WHAT IS REQUIRED: For the listing that follows, give again exactly the lines from the one with "Mosteiros strand met" to the one with "the McDuck name!", including both.

THE INPUT:
■ ■ ■ ■ ■

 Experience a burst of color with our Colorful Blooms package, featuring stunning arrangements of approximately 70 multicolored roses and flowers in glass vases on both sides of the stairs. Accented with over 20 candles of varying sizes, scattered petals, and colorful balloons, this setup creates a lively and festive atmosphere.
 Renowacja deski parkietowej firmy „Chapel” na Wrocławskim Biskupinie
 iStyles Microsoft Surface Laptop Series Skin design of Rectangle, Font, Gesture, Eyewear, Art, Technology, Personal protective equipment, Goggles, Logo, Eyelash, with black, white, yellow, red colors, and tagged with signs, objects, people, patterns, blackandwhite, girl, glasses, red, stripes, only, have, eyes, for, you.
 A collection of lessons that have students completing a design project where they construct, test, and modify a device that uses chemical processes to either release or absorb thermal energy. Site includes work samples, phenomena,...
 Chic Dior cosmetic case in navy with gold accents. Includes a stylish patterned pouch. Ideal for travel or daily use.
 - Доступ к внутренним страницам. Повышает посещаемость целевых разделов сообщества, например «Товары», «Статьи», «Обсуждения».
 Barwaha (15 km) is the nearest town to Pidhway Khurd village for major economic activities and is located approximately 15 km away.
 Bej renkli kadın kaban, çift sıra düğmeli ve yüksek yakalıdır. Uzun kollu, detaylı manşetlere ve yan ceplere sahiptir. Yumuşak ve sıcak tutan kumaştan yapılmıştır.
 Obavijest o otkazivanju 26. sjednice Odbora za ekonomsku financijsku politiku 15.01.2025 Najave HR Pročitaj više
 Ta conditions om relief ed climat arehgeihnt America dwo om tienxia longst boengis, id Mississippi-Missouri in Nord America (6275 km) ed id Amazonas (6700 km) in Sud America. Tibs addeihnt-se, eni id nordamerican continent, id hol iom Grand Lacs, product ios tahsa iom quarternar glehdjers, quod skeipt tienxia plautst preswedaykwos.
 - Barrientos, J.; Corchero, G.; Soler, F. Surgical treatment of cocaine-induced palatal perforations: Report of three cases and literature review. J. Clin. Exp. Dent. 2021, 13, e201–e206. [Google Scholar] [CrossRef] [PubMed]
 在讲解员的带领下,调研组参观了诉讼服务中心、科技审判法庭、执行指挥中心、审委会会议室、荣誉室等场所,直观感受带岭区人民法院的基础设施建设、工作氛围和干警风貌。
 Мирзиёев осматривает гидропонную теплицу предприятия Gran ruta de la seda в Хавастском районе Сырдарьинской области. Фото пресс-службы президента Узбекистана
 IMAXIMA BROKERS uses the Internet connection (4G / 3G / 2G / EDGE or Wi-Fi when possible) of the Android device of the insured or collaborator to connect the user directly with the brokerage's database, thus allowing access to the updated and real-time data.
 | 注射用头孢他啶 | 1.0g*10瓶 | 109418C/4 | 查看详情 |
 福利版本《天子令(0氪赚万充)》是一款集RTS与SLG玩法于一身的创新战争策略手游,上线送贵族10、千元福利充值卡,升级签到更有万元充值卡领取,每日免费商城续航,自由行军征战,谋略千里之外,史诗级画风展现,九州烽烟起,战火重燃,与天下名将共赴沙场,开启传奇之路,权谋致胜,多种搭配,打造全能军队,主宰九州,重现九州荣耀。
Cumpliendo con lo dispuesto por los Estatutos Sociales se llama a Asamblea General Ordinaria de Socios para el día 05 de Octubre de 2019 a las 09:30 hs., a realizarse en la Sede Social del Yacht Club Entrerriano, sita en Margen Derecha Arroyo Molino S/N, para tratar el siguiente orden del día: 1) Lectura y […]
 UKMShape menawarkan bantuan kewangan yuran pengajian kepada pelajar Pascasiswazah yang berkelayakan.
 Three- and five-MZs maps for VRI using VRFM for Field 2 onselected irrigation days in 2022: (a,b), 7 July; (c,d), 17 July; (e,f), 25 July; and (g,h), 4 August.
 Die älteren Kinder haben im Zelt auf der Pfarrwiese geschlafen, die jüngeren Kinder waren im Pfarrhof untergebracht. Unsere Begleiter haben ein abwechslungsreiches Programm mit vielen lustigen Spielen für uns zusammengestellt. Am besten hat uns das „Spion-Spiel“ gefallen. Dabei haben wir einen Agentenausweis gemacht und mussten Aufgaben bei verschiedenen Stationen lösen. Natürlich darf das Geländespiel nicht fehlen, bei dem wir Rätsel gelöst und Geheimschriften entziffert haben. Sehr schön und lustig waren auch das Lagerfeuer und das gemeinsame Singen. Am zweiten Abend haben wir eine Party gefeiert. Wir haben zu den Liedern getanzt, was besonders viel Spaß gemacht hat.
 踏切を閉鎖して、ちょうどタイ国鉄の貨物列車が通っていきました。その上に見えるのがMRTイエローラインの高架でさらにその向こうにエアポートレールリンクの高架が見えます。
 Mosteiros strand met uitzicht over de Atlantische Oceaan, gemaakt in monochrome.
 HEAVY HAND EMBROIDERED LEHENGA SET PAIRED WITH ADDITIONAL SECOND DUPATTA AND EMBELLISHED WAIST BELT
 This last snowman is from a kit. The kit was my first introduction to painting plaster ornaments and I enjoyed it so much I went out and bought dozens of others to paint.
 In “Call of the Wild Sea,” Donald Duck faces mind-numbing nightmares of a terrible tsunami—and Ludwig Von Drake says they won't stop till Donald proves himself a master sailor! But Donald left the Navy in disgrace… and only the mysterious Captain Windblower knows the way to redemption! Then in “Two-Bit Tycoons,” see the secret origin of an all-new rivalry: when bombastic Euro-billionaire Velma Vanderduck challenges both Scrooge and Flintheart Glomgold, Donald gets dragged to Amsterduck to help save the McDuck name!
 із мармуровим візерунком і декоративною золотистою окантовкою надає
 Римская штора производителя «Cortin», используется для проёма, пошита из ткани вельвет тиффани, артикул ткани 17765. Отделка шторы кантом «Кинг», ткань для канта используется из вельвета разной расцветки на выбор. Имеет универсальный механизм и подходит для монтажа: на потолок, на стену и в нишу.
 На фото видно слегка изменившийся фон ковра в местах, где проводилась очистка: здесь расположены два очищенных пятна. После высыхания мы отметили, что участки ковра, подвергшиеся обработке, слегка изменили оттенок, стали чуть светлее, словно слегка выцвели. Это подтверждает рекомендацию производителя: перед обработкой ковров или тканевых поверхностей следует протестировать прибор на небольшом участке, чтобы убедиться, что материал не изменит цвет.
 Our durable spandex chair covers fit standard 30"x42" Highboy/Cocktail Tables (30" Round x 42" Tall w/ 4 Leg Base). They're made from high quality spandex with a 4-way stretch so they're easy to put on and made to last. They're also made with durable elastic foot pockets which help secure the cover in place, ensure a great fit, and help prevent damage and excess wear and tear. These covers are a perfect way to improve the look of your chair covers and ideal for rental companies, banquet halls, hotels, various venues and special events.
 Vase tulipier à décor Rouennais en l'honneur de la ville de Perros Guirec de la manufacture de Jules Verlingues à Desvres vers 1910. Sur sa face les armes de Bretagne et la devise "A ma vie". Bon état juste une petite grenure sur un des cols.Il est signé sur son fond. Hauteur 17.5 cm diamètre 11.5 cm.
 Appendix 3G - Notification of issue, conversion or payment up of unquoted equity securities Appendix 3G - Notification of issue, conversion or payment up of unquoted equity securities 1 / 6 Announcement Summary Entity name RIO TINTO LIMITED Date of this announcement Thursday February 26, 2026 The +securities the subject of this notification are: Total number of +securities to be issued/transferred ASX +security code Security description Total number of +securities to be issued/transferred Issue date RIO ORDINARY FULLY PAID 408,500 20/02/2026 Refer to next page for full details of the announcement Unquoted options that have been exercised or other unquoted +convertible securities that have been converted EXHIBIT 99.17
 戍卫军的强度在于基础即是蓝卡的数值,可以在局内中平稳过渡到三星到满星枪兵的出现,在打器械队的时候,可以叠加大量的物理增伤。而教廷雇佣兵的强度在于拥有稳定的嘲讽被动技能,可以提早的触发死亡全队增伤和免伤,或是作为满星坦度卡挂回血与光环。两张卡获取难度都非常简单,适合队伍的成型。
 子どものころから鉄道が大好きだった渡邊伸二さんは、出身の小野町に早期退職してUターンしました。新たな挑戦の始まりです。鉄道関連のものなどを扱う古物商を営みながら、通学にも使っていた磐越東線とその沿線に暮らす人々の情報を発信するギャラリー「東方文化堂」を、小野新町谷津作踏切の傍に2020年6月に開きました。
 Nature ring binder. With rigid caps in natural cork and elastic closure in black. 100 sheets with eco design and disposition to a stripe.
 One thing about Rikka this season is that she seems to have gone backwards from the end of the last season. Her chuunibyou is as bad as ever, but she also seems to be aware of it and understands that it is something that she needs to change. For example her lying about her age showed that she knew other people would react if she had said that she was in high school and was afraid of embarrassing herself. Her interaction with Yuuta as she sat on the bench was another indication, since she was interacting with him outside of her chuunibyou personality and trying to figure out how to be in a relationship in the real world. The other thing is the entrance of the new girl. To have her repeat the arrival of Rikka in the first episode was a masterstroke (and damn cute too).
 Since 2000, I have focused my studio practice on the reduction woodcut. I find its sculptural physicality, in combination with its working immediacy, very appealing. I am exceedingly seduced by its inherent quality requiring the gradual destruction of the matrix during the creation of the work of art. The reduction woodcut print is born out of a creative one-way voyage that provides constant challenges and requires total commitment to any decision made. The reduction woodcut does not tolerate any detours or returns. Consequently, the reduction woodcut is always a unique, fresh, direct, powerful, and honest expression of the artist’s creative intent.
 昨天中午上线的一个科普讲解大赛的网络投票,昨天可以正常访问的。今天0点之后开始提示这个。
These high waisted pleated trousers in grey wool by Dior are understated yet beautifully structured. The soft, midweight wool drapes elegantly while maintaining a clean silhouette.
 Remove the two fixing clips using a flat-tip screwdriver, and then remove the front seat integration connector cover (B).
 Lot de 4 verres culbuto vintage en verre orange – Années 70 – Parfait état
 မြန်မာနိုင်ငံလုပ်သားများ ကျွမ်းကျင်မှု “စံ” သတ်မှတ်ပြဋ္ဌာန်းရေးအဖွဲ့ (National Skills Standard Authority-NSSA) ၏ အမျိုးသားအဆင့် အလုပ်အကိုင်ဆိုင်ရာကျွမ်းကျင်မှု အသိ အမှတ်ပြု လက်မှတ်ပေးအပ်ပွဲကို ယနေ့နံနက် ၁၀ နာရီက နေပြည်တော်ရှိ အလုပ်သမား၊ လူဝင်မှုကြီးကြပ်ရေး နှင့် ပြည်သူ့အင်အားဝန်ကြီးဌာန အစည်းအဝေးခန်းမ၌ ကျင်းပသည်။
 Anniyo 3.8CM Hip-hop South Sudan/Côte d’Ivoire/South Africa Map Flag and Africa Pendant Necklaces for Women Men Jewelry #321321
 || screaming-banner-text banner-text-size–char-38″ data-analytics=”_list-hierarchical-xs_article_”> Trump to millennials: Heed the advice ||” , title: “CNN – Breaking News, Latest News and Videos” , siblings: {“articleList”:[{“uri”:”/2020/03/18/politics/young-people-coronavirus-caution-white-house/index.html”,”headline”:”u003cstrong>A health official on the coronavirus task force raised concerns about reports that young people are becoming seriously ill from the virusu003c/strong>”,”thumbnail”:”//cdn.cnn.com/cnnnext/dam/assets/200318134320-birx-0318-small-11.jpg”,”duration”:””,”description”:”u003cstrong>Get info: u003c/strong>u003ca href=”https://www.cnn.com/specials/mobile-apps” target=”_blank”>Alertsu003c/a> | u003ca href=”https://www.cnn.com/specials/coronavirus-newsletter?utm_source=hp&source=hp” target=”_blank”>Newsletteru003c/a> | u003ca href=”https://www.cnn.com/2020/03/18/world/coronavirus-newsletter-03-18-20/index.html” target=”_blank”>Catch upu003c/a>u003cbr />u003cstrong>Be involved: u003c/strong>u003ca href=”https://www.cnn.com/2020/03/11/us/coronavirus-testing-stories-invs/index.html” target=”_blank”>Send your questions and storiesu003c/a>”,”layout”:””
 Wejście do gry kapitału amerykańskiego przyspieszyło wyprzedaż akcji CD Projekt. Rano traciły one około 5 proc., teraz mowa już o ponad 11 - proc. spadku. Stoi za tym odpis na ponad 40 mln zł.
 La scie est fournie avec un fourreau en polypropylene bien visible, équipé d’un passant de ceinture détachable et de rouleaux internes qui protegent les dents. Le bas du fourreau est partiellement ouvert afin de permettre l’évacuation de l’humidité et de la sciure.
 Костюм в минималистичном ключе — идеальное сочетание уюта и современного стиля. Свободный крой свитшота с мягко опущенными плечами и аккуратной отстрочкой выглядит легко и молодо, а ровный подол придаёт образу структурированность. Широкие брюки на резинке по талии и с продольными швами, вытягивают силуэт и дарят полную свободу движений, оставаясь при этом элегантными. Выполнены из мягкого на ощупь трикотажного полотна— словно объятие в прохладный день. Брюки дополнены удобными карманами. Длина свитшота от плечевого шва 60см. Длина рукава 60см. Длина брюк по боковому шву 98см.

■ ■ ■ ■ ■

RESULT FOR THIS TASK:
 Mosteiros strand met uitzicht over de Atlantische Oceaan, gemaakt in monochrome.
 HEAVY HAND EMBROIDERED LEHENGA SET PAIRED WITH ADDITIONAL SECOND DUPATTA AND EMBELLISHED WAIST BELT
 This last snowman is from a kit. The kit was my first introduction to painting plaster ornaments and I enjoyed it so much I went out and bought dozens of others to paint.
 In “Call of the Wild Sea,” Donald Duck faces mind-numbing nightmares of a terrible tsunami—and Ludwig Von Drake says they won't stop till Donald proves himself a master sailor! But Donald left the Navy in disgrace… and only the mysterious Captain Windblower knows the way to redemption! Then in “Two-Bit Tycoons,” see the secret origin of an all-new rivalry: when bombastic Euro-billionaire Velma Vanderduck challenges both Scrooge and Flintheart Glomgold, Donald gets dragged to Amsterduck to help save the McDuck name!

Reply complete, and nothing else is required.